Dataset entries:
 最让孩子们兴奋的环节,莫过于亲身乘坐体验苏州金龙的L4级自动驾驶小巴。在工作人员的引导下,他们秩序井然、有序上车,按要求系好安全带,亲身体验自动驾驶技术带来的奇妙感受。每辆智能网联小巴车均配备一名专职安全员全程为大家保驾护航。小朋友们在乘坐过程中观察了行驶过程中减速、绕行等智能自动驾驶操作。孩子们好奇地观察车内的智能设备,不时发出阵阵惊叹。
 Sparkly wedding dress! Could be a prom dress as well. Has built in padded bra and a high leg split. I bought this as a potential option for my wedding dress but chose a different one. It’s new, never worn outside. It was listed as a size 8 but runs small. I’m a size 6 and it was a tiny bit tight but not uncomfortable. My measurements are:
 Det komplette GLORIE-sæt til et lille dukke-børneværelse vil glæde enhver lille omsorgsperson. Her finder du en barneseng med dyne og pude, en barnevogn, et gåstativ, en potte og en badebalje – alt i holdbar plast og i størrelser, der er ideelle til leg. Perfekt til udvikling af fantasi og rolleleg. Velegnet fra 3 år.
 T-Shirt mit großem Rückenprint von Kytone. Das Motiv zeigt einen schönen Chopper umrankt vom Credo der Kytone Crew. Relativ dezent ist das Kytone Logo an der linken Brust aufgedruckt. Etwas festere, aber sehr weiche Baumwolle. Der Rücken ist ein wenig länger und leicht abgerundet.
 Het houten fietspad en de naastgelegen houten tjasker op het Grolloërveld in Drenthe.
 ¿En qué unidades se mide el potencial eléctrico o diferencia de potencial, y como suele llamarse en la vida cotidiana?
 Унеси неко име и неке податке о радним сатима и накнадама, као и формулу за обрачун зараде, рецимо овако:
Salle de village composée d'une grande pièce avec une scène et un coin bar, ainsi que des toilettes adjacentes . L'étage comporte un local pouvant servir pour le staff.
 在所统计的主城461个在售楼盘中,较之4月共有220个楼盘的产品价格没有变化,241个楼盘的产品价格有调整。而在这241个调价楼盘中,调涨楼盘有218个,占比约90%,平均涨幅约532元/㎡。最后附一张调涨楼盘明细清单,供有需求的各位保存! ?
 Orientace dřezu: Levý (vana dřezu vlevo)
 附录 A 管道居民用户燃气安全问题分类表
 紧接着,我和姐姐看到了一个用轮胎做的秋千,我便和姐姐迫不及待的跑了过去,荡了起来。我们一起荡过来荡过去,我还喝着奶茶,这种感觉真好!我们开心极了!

● **WHAT THE EXERCISE ASKS**: From the first line to the last, transcribe the records exactly.

● **OUTPUT OF THE TASK**:
 最让孩子们兴奋的环节,莫过于亲身乘坐体验苏州金龙的L4级自动驾驶小巴。在工作人员的引导下,他们秩序井然、有序上车,按要求系好安全带,亲身体验自动驾驶技术带来的奇妙感受。每辆智能网联小巴车均配备一名专职安全员全程为大家保驾护航。小朋友们在乘坐过程中观察了行驶过程中减速、绕行等智能自动驾驶操作。孩子们好奇地观察车内的智能设备,不时发出阵阵惊叹。
 Sparkly wedding dress! Could be a prom dress as well. Has built in padded bra and a high leg split. I bought this as a potential option for my wedding dress but chose a different one. It’s new, never worn outside. It was listed as a size 8 but runs small. I’m a size 6 and it was a tiny bit tight but not uncomfortable. My measurements are:
 Det komplette GLORIE-sæt til et lille dukke-børneværelse vil glæde enhver lille omsorgsperson. Her finder du en barneseng med dyne og pude, en barnevogn, et gåstativ, en potte og en badebalje – alt i holdbar plast og i størrelser, der er ideelle til leg. Perfekt til udvikling af fantasi og rolleleg. Velegnet fra 3 år.
 T-Shirt mit großem Rückenprint von Kytone. Das Motiv zeigt einen schönen Chopper umrankt vom Credo der Kytone Crew. Relativ dezent ist das Kytone Logo an der linken Brust aufgedruckt. Etwas festere, aber sehr weiche Baumwolle. Der Rücken ist ein wenig länger und leicht abgerundet.
 Het houten fietspad en de naastgelegen houten tjasker op het Grolloërveld in Drenthe.
 ¿En qué unidades se mide el potencial eléctrico o diferencia de potencial, y como suele llamarse en la vida cotidiana?
 Унеси неко име и неке податке о радним сатима и накнадама, као и формулу за обрачун зараде, рецимо овако:
Salle de village composée d'une grande pièce avec une scène et un coin bar, ainsi que des toilettes adjacentes . L'étage comporte un local pouvant servir pour le staff.
 在所统计的主城461个在售楼盘中,较之4月共有220个楼盘的产品价格没有变化,241个楼盘的产品价格有调整。而在这241个调价楼盘中,调涨楼盘有218个,占比约90%,平均涨幅约532元/㎡。最后附一张调涨楼盘明细清单,供有需求的各位保存! ?
 Orientace dřezu: Levý (vana dřezu vlevo)
 附录 A 管道居民用户燃气安全问题分类表
 紧接着,我和姐姐看到了一个用轮胎做的秋千,我便和姐姐迫不及待的跑了过去,荡了起来。我们一起荡过来荡过去,我还喝着奶茶,这种感觉真好!我们开心极了!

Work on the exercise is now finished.